Walt - not how the design works.
Now consider my experience with RVs having absolutely dead or less than full capacity backup batteries, then overlay the risk of a pilot having an electrically dependent engine that finds himself with a stopped fan because the 60 minute backup power only lasted 15 minutes. Do builders actually test fly the plane on backup power alone to verify design targets are met?
I also suggest that a low probability but far more dangerous electrical system single fault casualty is a lithium type backup battery (or something connected to it) going nuclear. How does the pilot isolate that fire? My design mitigates this risk as multiple failures need to occur for me not to be able to isolate an electrical fault and still maintain at least half the panel.

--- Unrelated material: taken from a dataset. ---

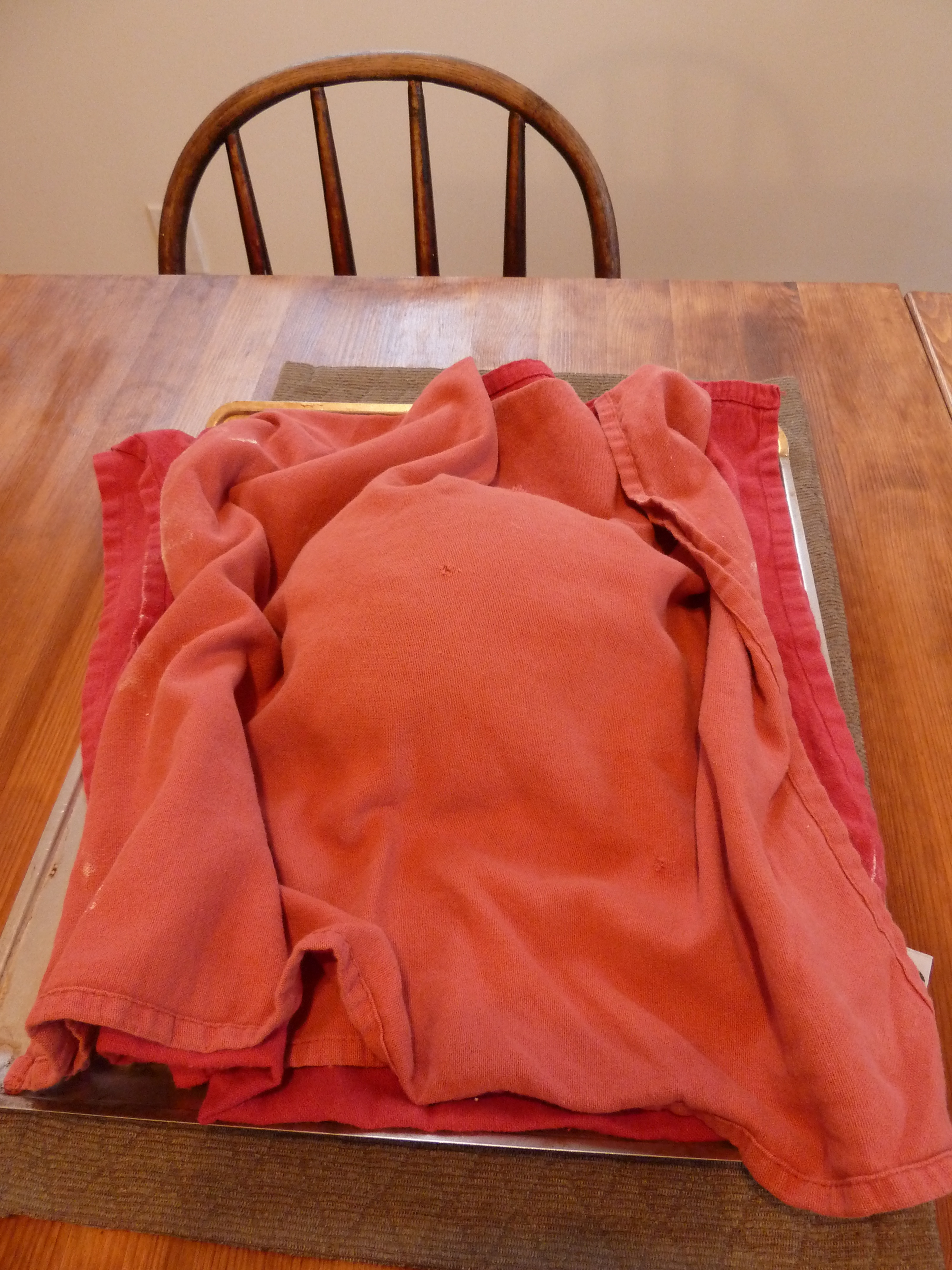 Remove the dough from the bowl and fold once or twice. Let the dough rest 15 minutes in the bowl or on the work surface. Next, shape the dough into ball. Generously coat a cotton towel with flour, wheat bran, or cornmeal; place the dough seam side down on the towel and dust with flour. Cover the dough with a cotton towel and let rise 1-2 hours at room temperature, until more than doubled in size.

Sorry for the thread drift but I had to comment on the trend of people just adding backup batteries while not carefully considering:
- What do I have left and how long will I have it (and does this support my IFR risk profile? I suggest that no less than a full hour of IFR flight is required, I have much more than that).
- How do I test that the various back batteries work as advertised?
- Do I have confidence that the backup batteries are properly charging - and how do I verify this?
- How often do these batteries need to be replaced to have some confidence they will meet minimum capacity requirements.
I say again, step back and overlay the requirements for what you want your plane to do, then look at a total system approach to meet those requirements as well as mitigate risk for any plausible single point failure. This includes any component (battery, alternator, solenoid, switch, etc.) as well as any connection or connecting wire.
If nothing else I’m hopeful IFR builders will see the value of not having all power going through a single Master Solenoid or the use of a single Avionics Master switch. If you want this function have two, one for each half of the panel (assumes two EFIS, two GPS sources, two radios, etc.). I can also state this is not at all hard to achieve.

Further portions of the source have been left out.